Ireland's cable television networks are primarily digital DVB-C services. However, in most areas, a small number (approximately 16) analogue channels are still carried alongside digital services.
The legacy analogue cable television services provide unencrypted PAL System I television channels. Frequency plans vary from place to place and channels are carried in Band I, Band III, Hyperband and sometimes Band IV.
In the past, additional encrypted premium analogue channels were also available. To view these channels a set top box was required. Cablelink / NTL Ireland used Cryptovision, while some other companies, notably Cork Multichannel, used Jerrold (General Instrument) scrambling systems.
Cork City and other areas cabled by Cork Multichannel Television required an Jerrold (General Instrument)set top box for all channels. The entire Cork analogue cable network was encrypted from late 1980s onwards. The Cork network also carried more channels than other cable networks in Ireland at that time.

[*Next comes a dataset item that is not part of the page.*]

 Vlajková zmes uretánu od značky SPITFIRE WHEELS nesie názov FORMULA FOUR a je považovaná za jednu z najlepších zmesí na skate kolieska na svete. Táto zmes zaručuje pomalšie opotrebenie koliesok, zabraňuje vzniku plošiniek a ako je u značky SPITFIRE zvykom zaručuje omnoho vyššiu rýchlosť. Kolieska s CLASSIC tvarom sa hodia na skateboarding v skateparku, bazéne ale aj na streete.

When digital cable was launched in Cork, UPC Ireland rapidly swapped analogue set top boxes for digital boxes and then shutdown the analogue service entirely. The network still carries analogue terrestrial channels, RTE1, RTE2, TV3 and TG4 in some parts of the network. This means that Cork is the first city in Ireland with an exclusively digital cable network.

For analogue cable in Ireland there is no set frequency plan. Most cable networks for analogue use Harmonically related carriers (carrier frequencies of exact 8 MHz multiples). Some cable networks such as Limerick use Irish terrestrial channel alignments or even a mixture of the two-channel plans.

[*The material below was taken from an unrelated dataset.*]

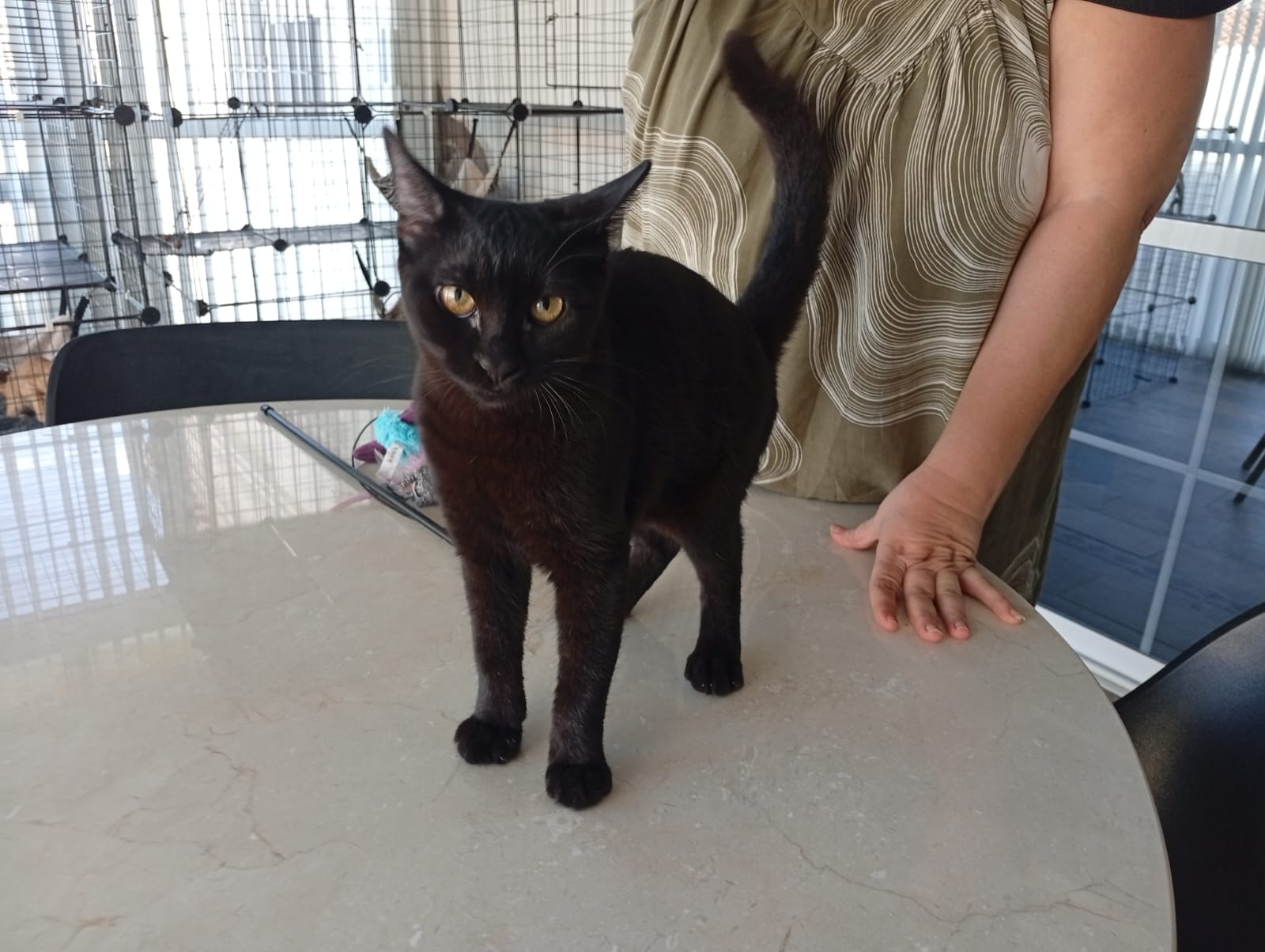 Im März brachte ein junger Mann fünf schwarze Kitten zu Rita in die Pflegestelle. Er hatte sie in einem Gebüsch gefunden. Sie waren dehydriert und wohl schon mehrere Tage ohne Nahrung. Eines der Kitten konnte nicht mehr gerettet werden. Die anderen vier wurden von Rita aufgepäppelt und haben sich zu tollen, eigenständigen Persönlichkeiten entwickelt. Ihr Bruder Max durfte schon in sein Für-Immer-Zuhause umziehen.

Digital cable operates using DVB-C, although encryption, as well as other platform details varies by provider. Most providers require the use of a set top box to view their television services.
Some very small, independent, entirely analogue networks still exist. These use standard coaxial cables boosted and tapped at regular intervals. Unfortunately this can lead to serious signal degradation problems, particularly on overhead networks.
Digital networks have far more sophisticated trunking systems. The five main Cities (Dublin, Cork, Galway, Limerick, and Waterford), along with towns like Longford, Dungarvan, Clonmel, Thurles, Kilkenny etc. now enjoy state of the art Hybrid fibre-coaxial networks which are used to deliver a myriad of services, including analogue and digital TV, broadband DOCSIS 3.0, and cable telephony services.
Overhead cables are common in areas constructed before the foundation of the local cable firm, or where the cable firm did not have a construction agreement with the builders; underground cables are more common in developments build post-1985.
Analogue MMDS specifications were legally set in 1998 by the then Office of the Director of Telecommunications Regulation in the document "Technical conditions for the operation of analogue programme services distribution systems in the frequency band 2500-2686 MHz"
Virgin Media Digital MMDS uses a DVB-C variant on ex NTL MMDS and a variant of DVB-T on ex Chorus MMDS networks.